Distribution of quercetin and its metabolites in tissues

De Boer et al.⁵⁵ reported the distribution of quercetin in rats and pigs after feeding these animals a diet containing 0.1% or 1.0% quercetin for 11 weeks. Quercetin and quercetin metabolites were widely distributed in rat tissues, with the highest concentration in the lungs and the lowest in the brain, white fat and spleen. A similar profile was found in pigs in a short-term ingestion study (500 mg quercetin per kg body weight).

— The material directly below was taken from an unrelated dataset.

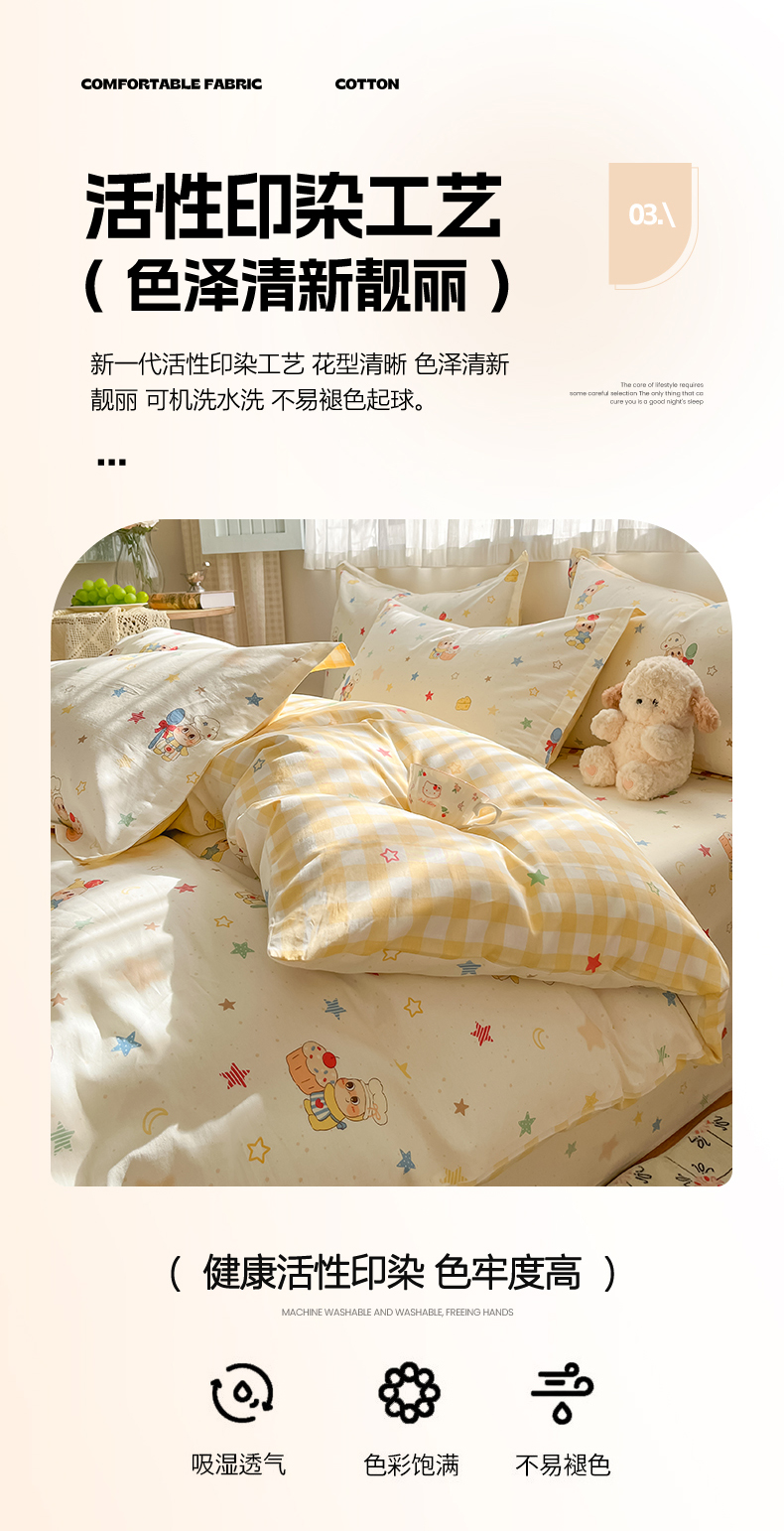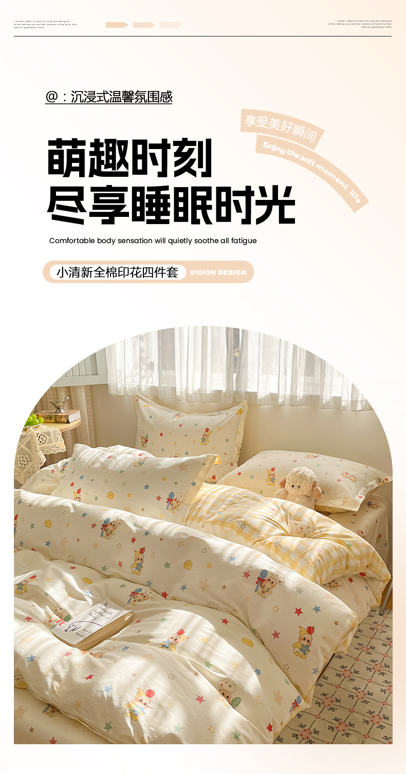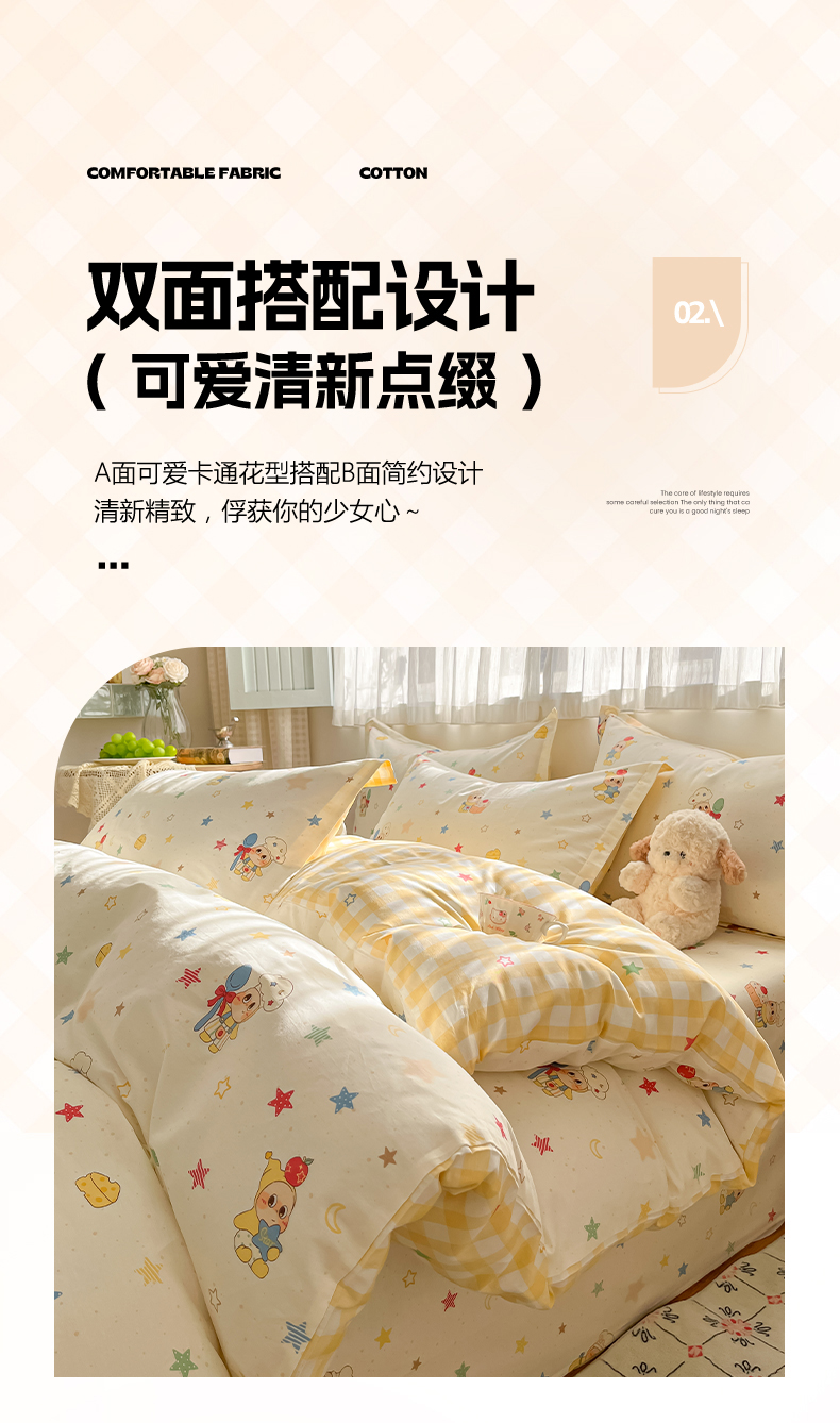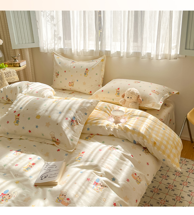 当前位置: 91家纺网 > 商品网购 > 床品套件 > 四件套 > 全棉普通四件套 > 花梦欣 2026新款全棉印花系列简约卡通款四件套 快乐小星

However, Bieger et al.⁵⁶ pointed out that long-term supplementation did not show greater accumulation of a single intake of quercetin, and the only high plasma concentrations were in the liver, small intestine and kidney. The highest concentration in the lungs of rats was not confirmed in the pig study. Although the aglycone was detected in considerable amounts, most of the aglycone could have been derived from deconjugation during the extraction procedures. Further studies are required to ascertain if the aglycone accumulates in tissues. Mullen et al.⁵⁷ fed ¹⁴C-labelled Q4′G by gavage to rats (4 mg per kg body weight). They found that very little radioactivity was detected in body tissues other than the gastrointestinal tract. They therefore claimed that most of the ingested Q4′G were converted to phenolic acids before absorption into the body, and that accumulation in target tissues may be questionable. These contradictory results indicate that the degree of quercetin accumulation in body tissue is greatly dependent upon the method and amount of its administration. A study on the bioavailability of naringin (naringenin 7-O-neohesperidioside) between healthy rats and tumor-bearing rats demonstrated that the concentration of conjugated metabolites in the plasma of tumor-bearing rats was significantly lower than that of healthy rats.⁵⁸ Thus, abnormal conditions (e.g., cancer) may also influence the bioavailability of flavonoids, resulting in lower accumulation in target tissues.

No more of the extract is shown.